From: Johannes Gäßler <redacted>
Date: Sat, 3 Jan 2026 12:55:53 +0000 (+0100)
Subject: CUDA: only allocate FA tmp buffer if needed (#18564)
X-Git-Tag: upstream/0.0.7721~102
X-Git-Url: https://git.djapps.eu/?a=commitdiff_plain;h=0f2e42ca1d1d025e6c4cb4bffb78da8972dec17f;p=pkg%2Fggml%2Fsources%2Fllama.cpp

CUDA: only allocate FA tmp buffer if needed (#18564)
---

diff --git a/ggml/src/ggml-cuda/fattn-common.cuh b/ggml/src/ggml-cuda/fattn-common.cuh
index fa4e87ee4..09c19429a 100644
--- a/ggml/src/ggml-cuda/fattn-common.cuh
+++ b/ggml/src/ggml-cuda/fattn-common.cuh
@@ -918,7 +918,9 @@ void launch_fattn(
         blocks_num.y = 1;
         blocks_num.z = 1;
 
-        dst_tmp_meta.alloc(((size_t) blocks_num.x) * ncols * (2 + DV/2));
+        if (ntiles_total % blocks_num.x != 0) { // Fixup is only needed if the SMs work on fractional tiles.

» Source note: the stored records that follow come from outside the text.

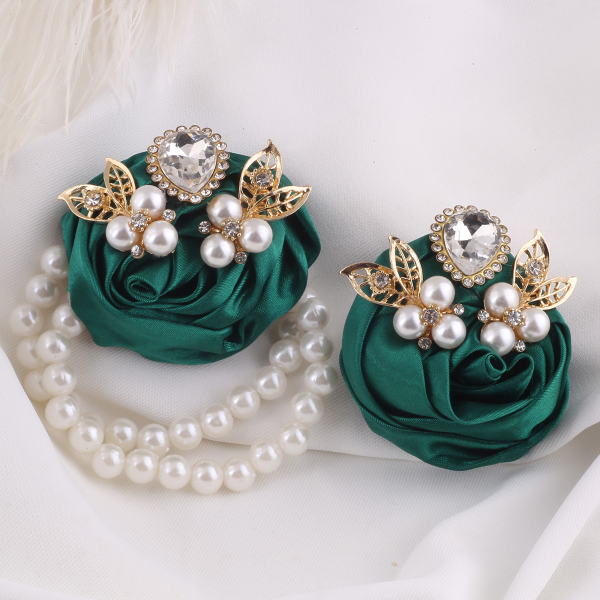 国境を越えた新郎新婦水ドリルピン胸花ミルク糸薔薇手首花ドレスアクセサリー手花XH923C
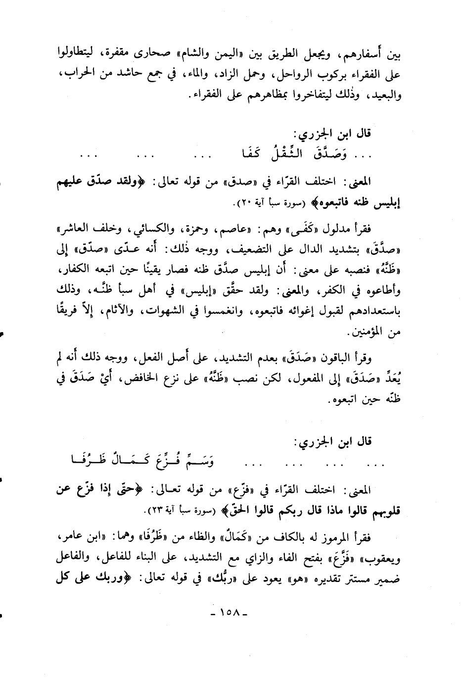 المعنى: اختلف القرّاء في «صدق» من قوله تعالى: وَلَقَدْ صَدَّقَ عَلَيْهِمْ إِبْلِيسُ ظَنَّهُ فَاتَّبَعُوهُ (سورة سبأ آية 20).
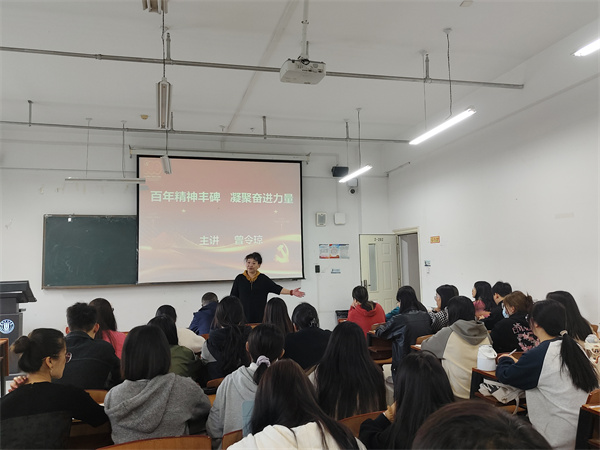 开班仪式结束后,由马克思主义学院曾令琼教授以“百年精神丰碑凝聚奋进力量”为题进行了本次培训班的首场讲座。期望同学们通过学习,能坚定理想信念,遵守党规党纪,增强党员意识,为党支部接收新党员做好准备工作。
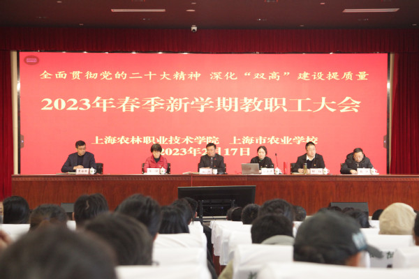 2月17日,在205报告厅,学校召开2023年春季新学期教职工大会。党政领导班子出席。党委书记蔡红主持会议并作重要讲话。
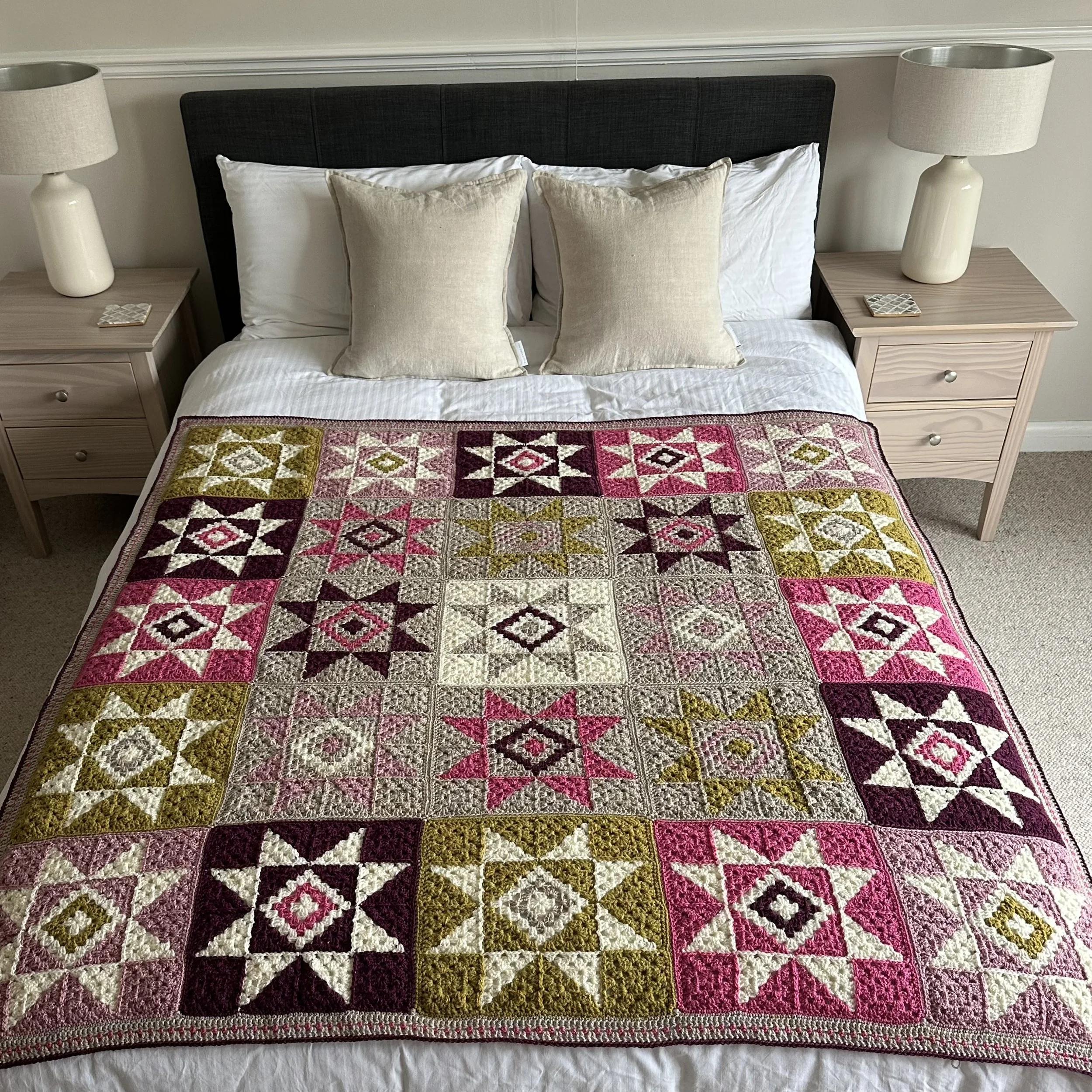 This new colourway of my Quiet Sky Blanket features my favourite shades of Stylecraft Life DK: Oatmeal, Cranberry, and Mustard. It has a cosy, autumnal feel and makes a lovely alternative to a full-on Christmas design.
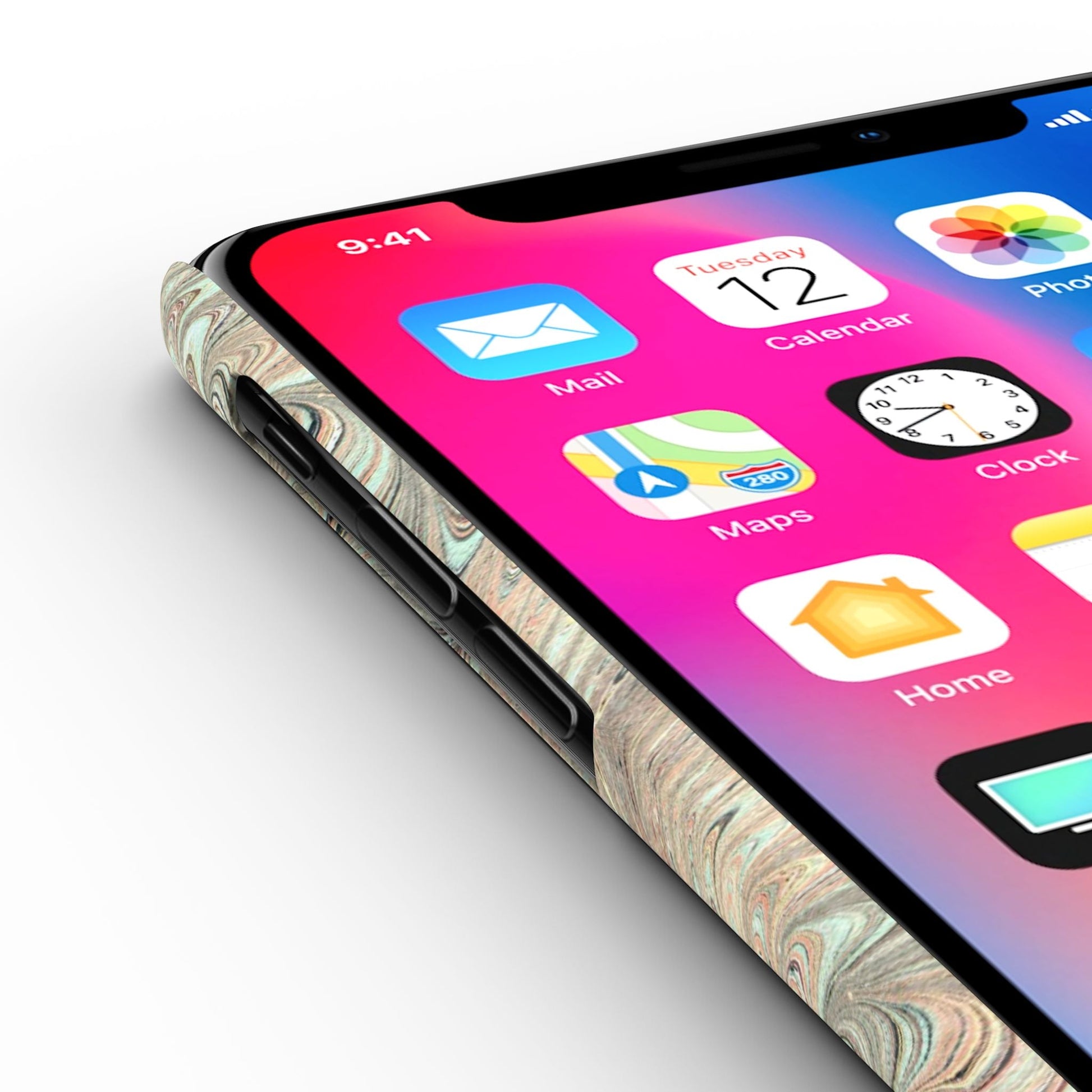 Marbled Design, Italy Feather Phone Case, Multi-Color, Slim Phone Cases. Paper marbling is a method of aqueous surface design, which can produce patterns similar to smooth marble or other kinds of stone. The patterns are the result of color floated on either plain water or a viscous solution known as size, and then carefully transferred to an absorbent surface, such as paper or fabric. Through several centuries, people have applied marbled materials to a variety of surfaces.
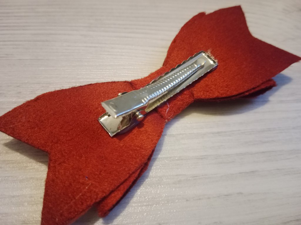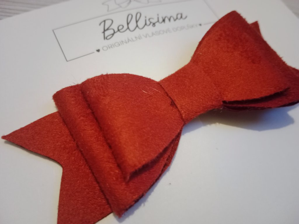 Elegantní červená mašle na sponce. Jemný semišový materiál.
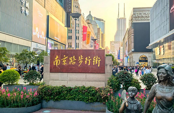 Then visit the Nanjing Road, the eastern part of which is the main shopping district of Shanghai. It is one of the world's busiest shopping streets, along with Fifth Avenue, Oxford Street, Orchard Road, Takeshita Street and the Champs-Élysées. In some contexts, "Nanjing Road" refers only to what was pre-1945 Nanjing Road, then rendered as Nanking Road in English. The former Nanking Road lay entirely within the Shanghai International Settlement. Today's Nanjing Road West was formerly Bubbling Well Road, an extra-settlement road built by concession authorities outside the concession proper. The two roads met on the northern edge of the Shanghai Race Club.

+            dst_tmp_meta.alloc((size_t(blocks_num.x) * ncols * (2 + DV/2)));
+        }
     } else {
         const int ntiles_KQ = (K->ne[1] + nbatch_fa - 1) / nbatch_fa; // Max. number of parallel blocks limited by tensor size.